Change the game – Design Monday

Change the game – Design Monday

Cyber security can be thought of as a game. Offense and defense. A set of motions and movements to score points, or to prevent the other team from scoring. Red team and blue team. A series of tactics and techniques to break in, or to detect and prevent such action. This thought is a good starting point. But we shouldn’t simply work on being better at the game. We need to change it.

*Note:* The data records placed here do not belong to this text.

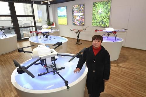12 月 5 日,鲜敏在自己创立的航空科技公司产品展示中心内留影。
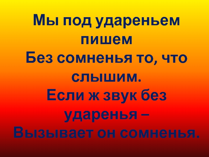 Слайд 4Мы под удареньем пишем Без сомненья то, что слышим. Если ж звук без
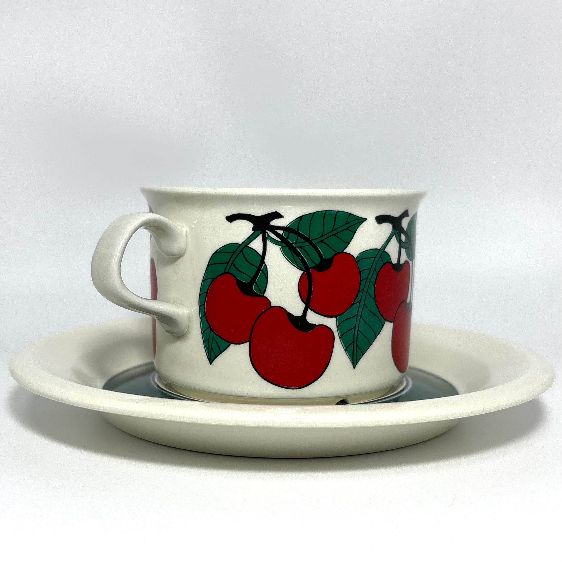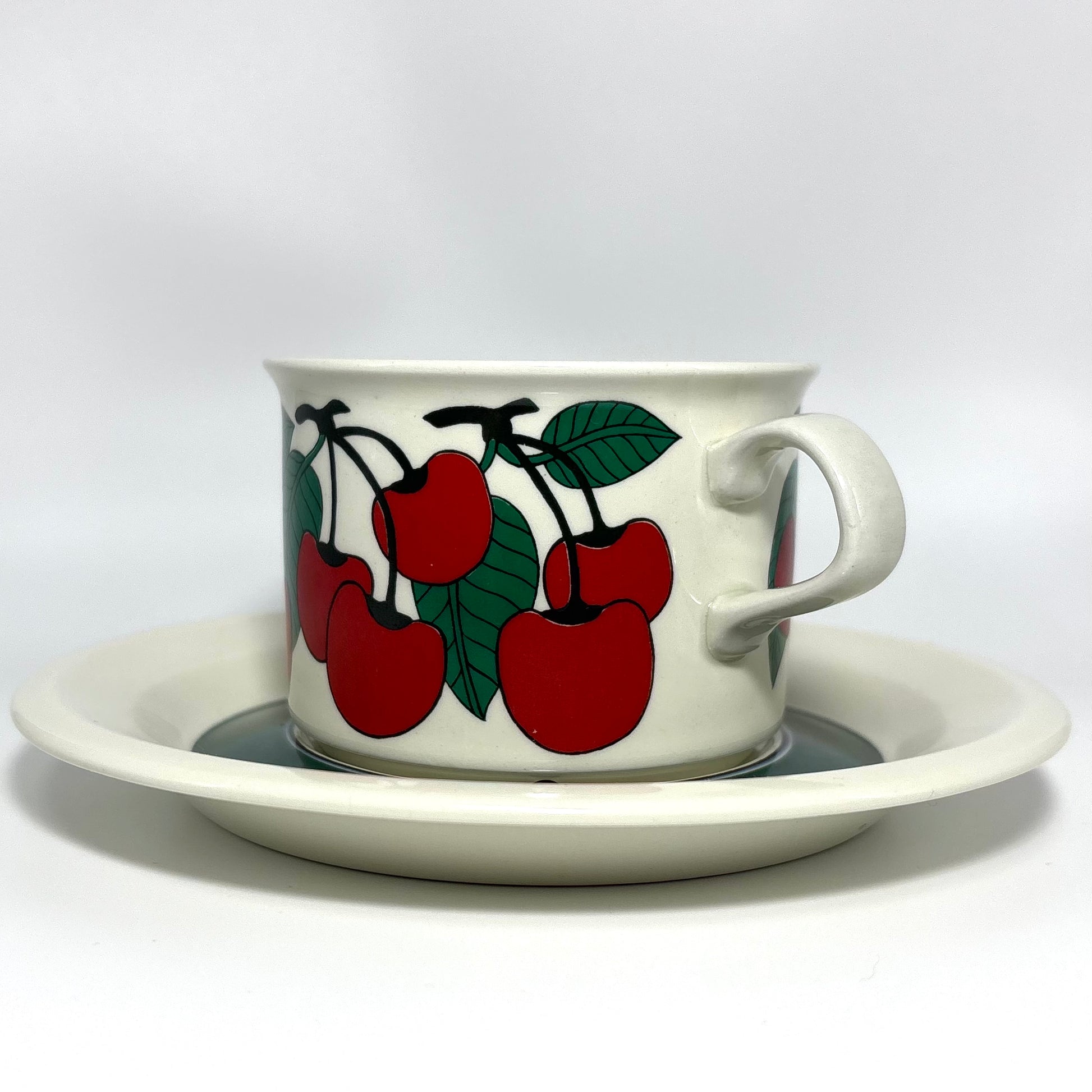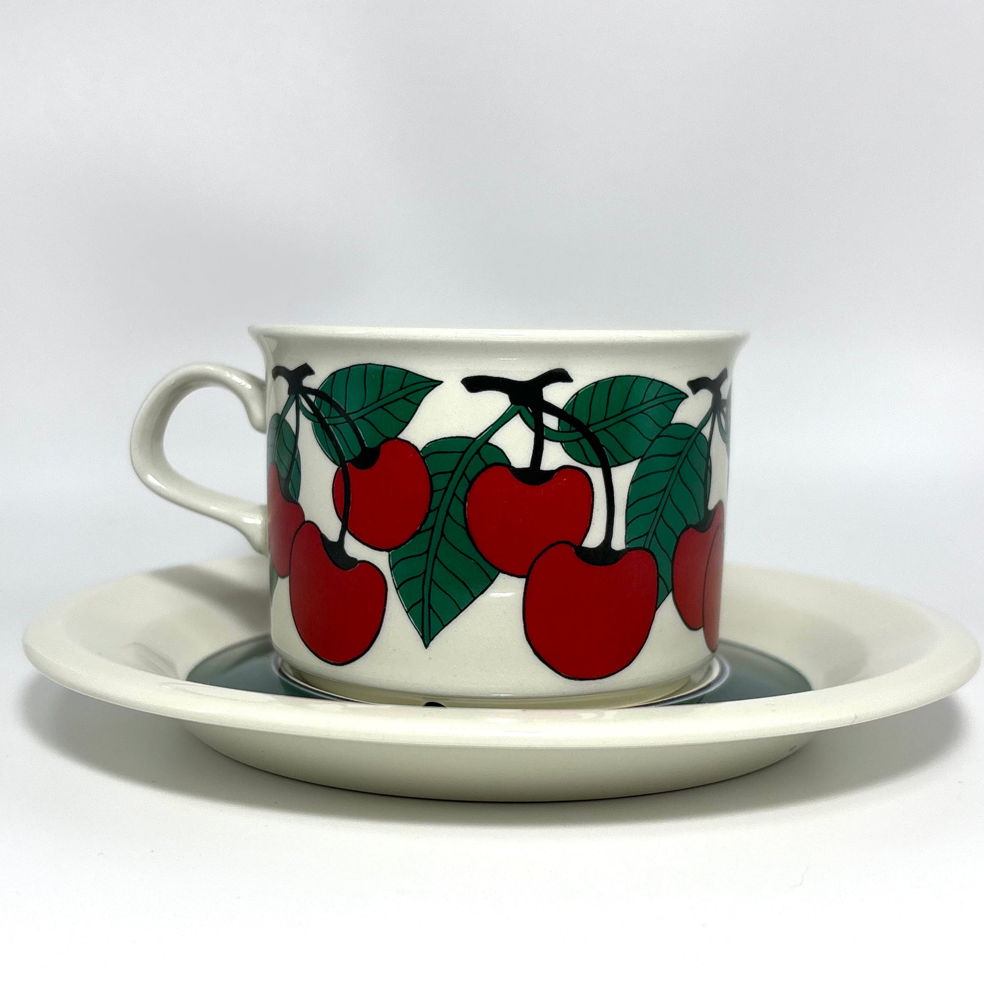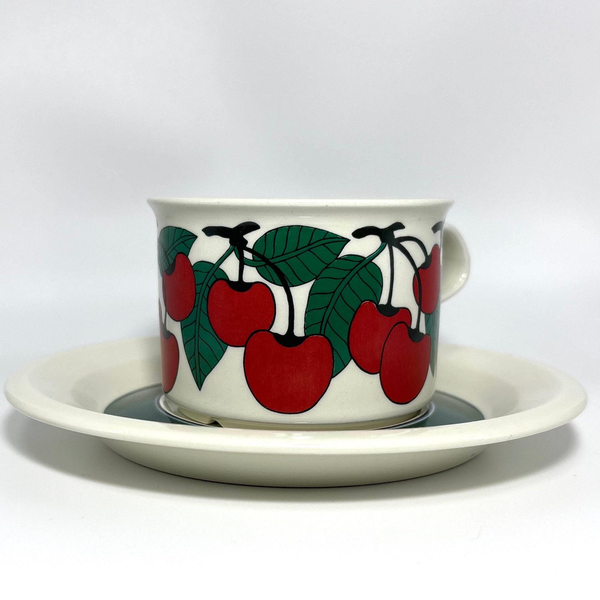 1970年代にARABIA(アラビア)で製造された、鮮やかで愛らしいデザインの 「Kirsikka(キルシッカ)」 シリーズ。フィンランド語で “さくらんぼ” を意味するその名の通り、深いレッドのチェリーと瑞々しいグリーンの葉が大胆に描かれ、北欧ヴィンテージの中でも特に人気の高いコレクションです。

Take basketball. When basketball debuted at the Berlin Summer Olympics in 1936, the game looked much the same as it does today. Sure, there have been subsequent rule changes. But the ball and hoop, well, those are classic.

Except.

During the first fifteen years of basketball, no one thought beyond the basket. Peach basket, to be precise. James Naismith famously nailed a peach basket to a gymnasium wall and thus invented the game. But it was the whole basket. After points were scored, a ladder would be used to fetch the ball. Sometimes, they used a stick to push the ball out. For fifteen years.

Why?

One reason is it’s hard to see beyond things. Functional fixedness. Another reason? We’re hardwired to add rather than subtract. Given the choice between adding a fetching stick and removing the bottom of the basket, we almost always choose the stick.

This human tendency has been studied. (See: People systematically overlook changes). There’s even book on the topic, Subtract: The Untapped Science of Less. The Subtract book looks at it from practically every domain, science to business to medicine and more. Except cyber security. Perhaps we can make it into a future edition.

Imagine people using IT in the organization. Imagine that’s the game we’re seeking to win. Get a sense of the players and the ball using business impact analysis. Get a sense of the movement and plays using journey mapping. Now imagine ways to secure this.

Your instinct will be to add. Pause. Look around for the peach baskets which can be replaced with hoops. Find something to subtract that improves the security.

Then change the game.

Peach baskets: the basket in basketball.